### ABOUT THIS EXERCISE
The entries below contain pictures, which are to be left out; write out exactly, and only, the lines from the line with "Tommy Hilfiger Automatic" up to and including the line with "Once I had a".

EXCERPTED DATA: Begin

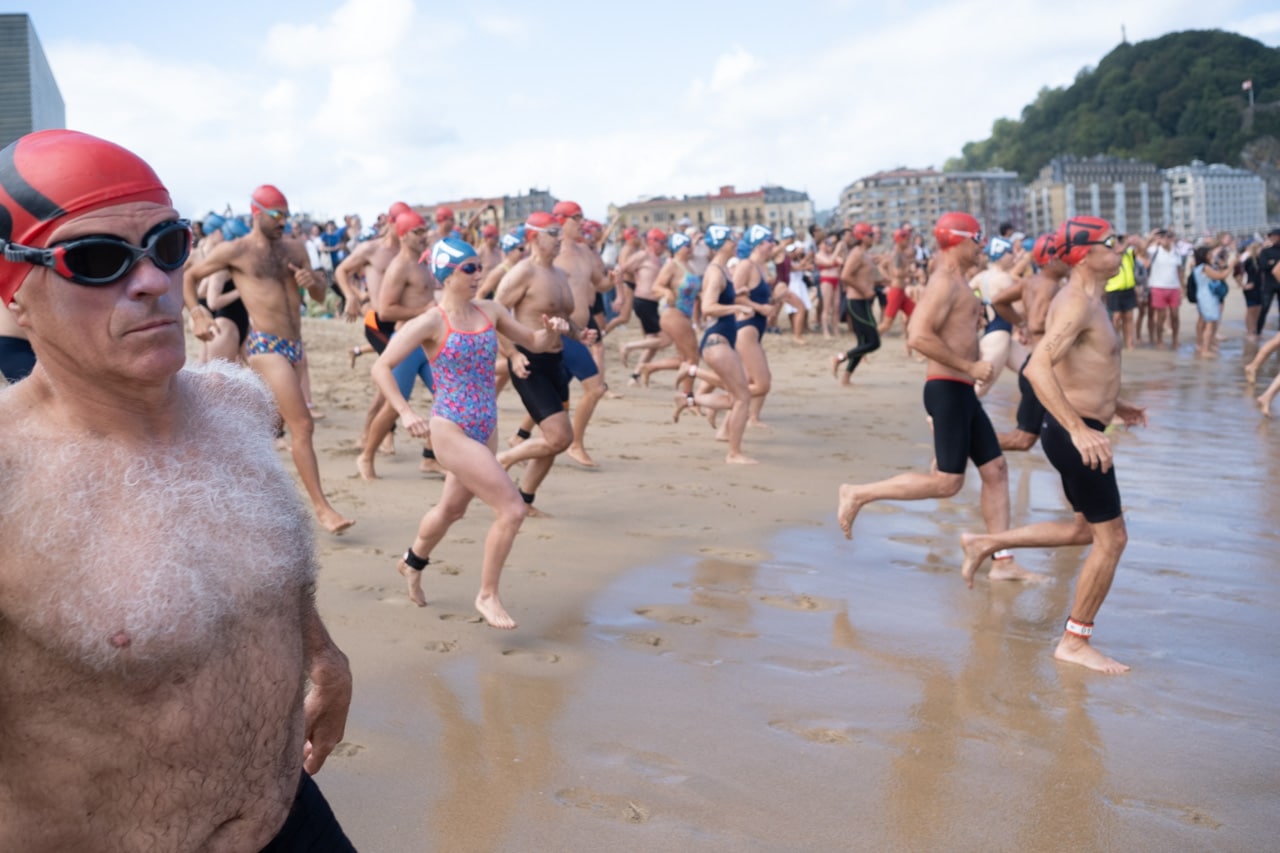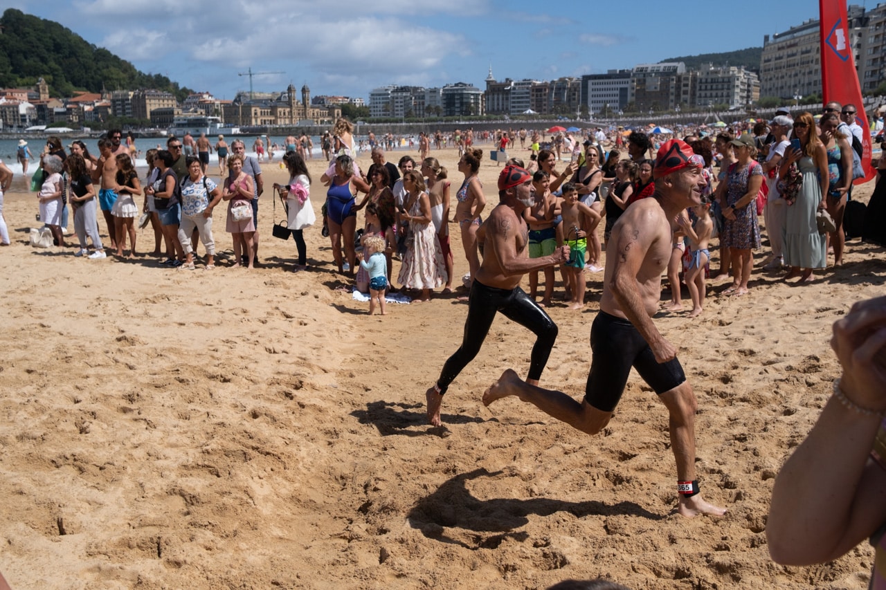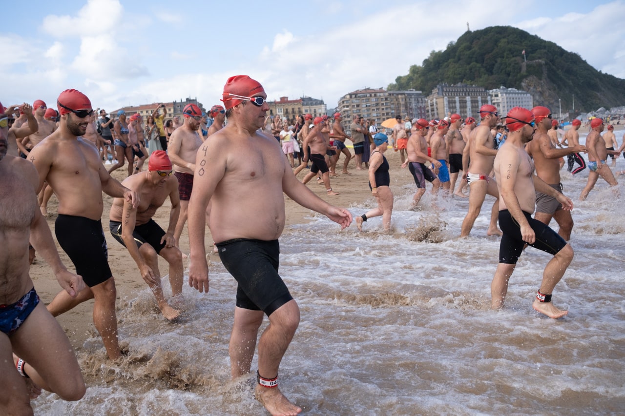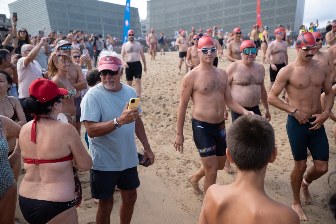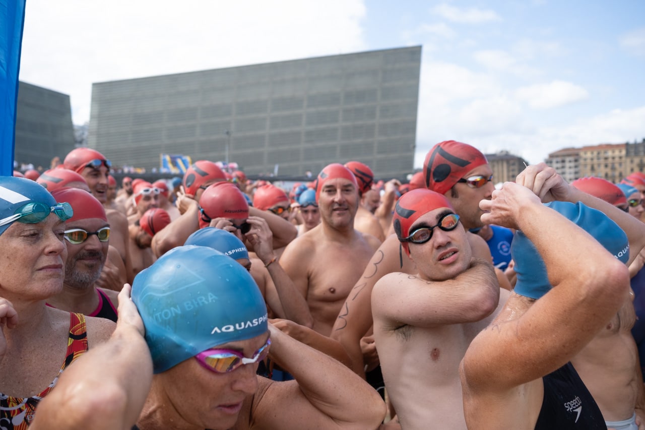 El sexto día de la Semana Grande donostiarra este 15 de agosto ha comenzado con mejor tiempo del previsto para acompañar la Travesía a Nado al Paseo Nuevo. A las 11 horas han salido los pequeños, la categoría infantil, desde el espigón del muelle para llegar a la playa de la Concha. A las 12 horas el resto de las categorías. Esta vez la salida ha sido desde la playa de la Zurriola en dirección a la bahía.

EXCERPTED DATA: End
EXCERPTED DATA: Begin

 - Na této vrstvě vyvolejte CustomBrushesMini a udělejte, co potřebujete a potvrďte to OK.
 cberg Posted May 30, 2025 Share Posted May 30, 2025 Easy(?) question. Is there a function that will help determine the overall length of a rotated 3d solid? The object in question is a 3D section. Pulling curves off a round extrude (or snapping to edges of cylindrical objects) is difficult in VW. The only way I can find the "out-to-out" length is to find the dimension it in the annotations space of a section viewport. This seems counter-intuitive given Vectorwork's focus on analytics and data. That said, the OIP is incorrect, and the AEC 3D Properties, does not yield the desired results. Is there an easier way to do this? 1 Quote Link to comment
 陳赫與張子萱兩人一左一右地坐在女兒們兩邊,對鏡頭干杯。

EXCERPTED DATA: End
EXCERPTED DATA: Begin

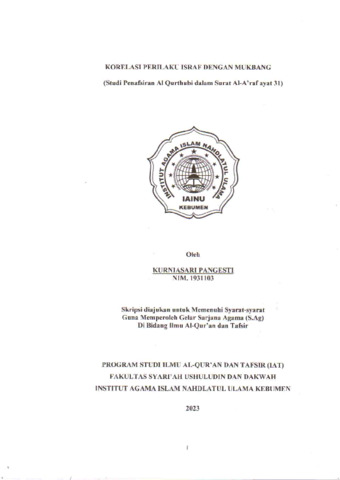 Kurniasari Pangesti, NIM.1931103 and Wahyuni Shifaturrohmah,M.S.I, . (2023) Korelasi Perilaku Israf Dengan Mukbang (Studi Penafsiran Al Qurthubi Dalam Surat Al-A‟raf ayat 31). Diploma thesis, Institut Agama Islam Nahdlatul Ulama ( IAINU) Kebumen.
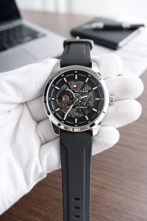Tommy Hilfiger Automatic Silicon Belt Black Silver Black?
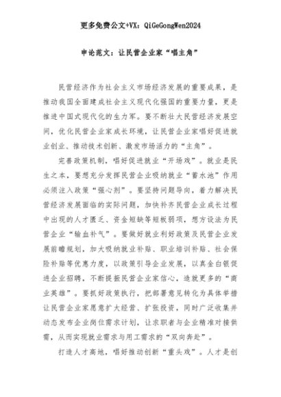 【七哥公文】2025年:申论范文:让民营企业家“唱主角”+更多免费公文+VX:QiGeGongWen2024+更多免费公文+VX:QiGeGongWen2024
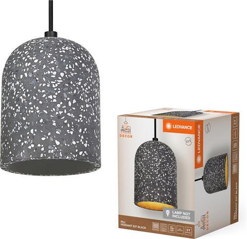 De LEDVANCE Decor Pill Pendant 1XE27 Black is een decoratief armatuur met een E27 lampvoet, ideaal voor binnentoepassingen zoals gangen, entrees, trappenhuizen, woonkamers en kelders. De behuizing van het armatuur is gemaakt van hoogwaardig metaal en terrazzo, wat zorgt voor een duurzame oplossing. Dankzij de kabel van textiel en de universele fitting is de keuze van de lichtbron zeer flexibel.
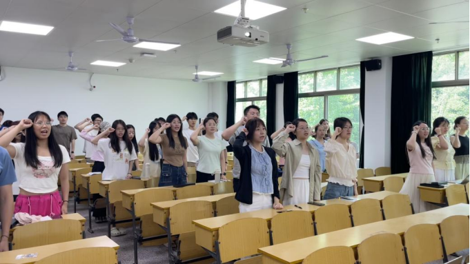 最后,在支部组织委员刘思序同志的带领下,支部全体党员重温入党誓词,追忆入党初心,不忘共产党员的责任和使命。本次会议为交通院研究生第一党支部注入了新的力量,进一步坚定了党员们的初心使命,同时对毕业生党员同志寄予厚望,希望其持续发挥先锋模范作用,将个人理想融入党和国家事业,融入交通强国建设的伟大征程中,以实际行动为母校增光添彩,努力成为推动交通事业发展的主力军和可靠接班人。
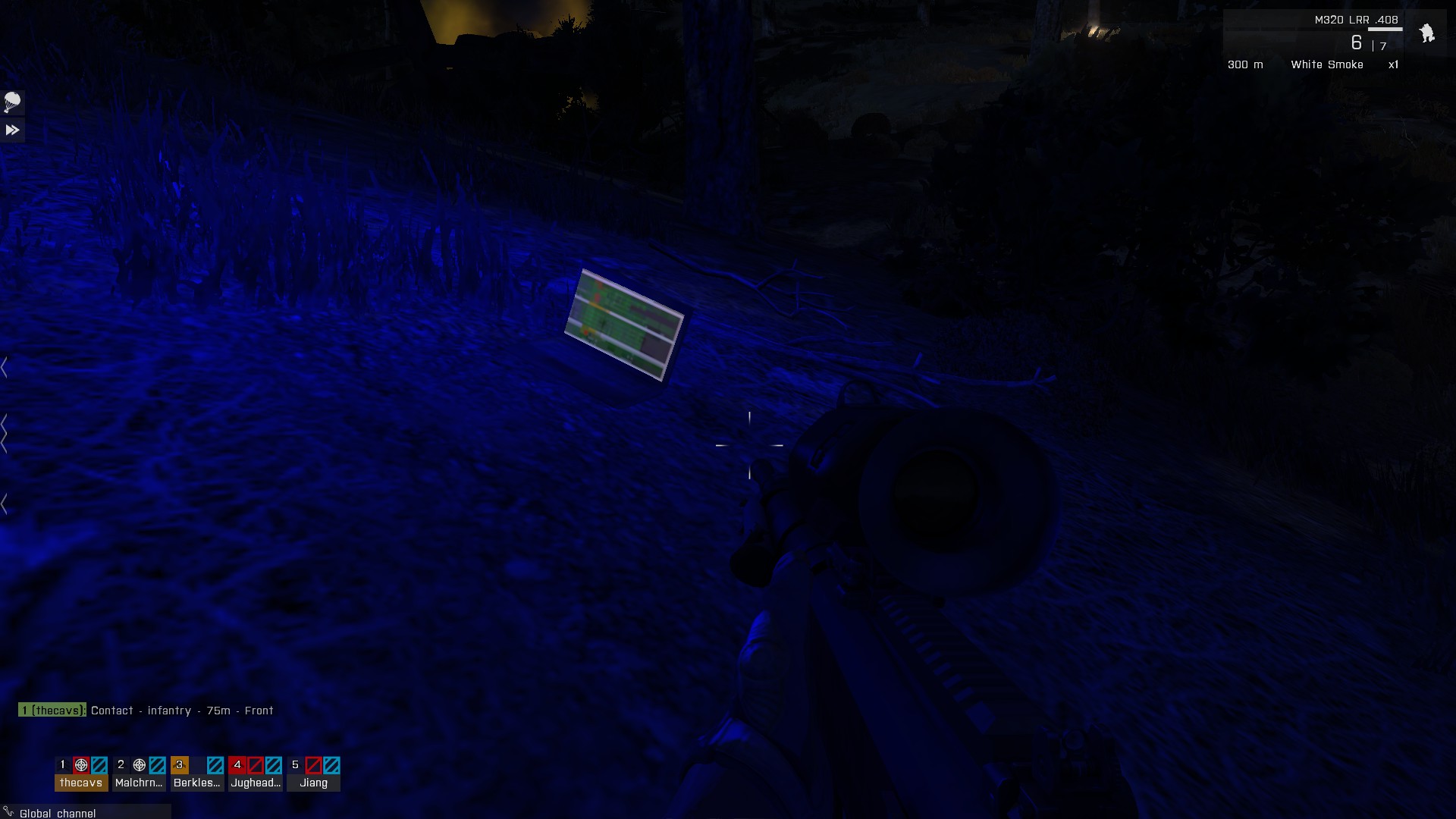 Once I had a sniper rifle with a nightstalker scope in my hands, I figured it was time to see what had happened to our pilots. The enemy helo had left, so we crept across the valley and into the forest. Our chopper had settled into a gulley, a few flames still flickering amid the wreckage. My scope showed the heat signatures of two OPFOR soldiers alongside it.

EXCERPTED DATA: End

### TASK RESPONSE
Tommy Hilfiger Automatic Silicon Belt Black Silver Black?
 【七哥公文】2025年:申论范文:让民营企业家“唱主角”+更多免费公文+VX:QiGeGongWen2024+更多免费公文+VX:QiGeGongWen2024
 De LEDVANCE Decor Pill Pendant 1XE27 Black is een decoratief armatuur met een E27 lampvoet, ideaal voor binnentoepassingen zoals gangen, entrees, trappenhuizen, woonkamers en kelders. De behuizing van het armatuur is gemaakt van hoogwaardig metaal en terrazzo, wat zorgt voor een duurzame oplossing. Dankzij de kabel van textiel en de universele fitting is de keuze van de lichtbron zeer flexibel.
 最后,在支部组织委员刘思序同志的带领下,支部全体党员重温入党誓词,追忆入党初心,不忘共产党员的责任和使命。本次会议为交通院研究生第一党支部注入了新的力量,进一步坚定了党员们的初心使命,同时对毕业生党员同志寄予厚望,希望其持续发挥先锋模范作用,将个人理想融入党和国家事业,融入交通强国建设的伟大征程中,以实际行动为母校增光添彩,努力成为推动交通事业发展的主力军和可靠接班人。
 Once I had a sniper rifle with a nightstalker scope in my hands, I figured it was time to see what had happened to our pilots. The enemy helo had left, so we crept across the valley and into the forest. Our chopper had settled into a gulley, a few flames still flickering amid the wreckage. My scope showed the heat signatures of two OPFOR soldiers alongside it.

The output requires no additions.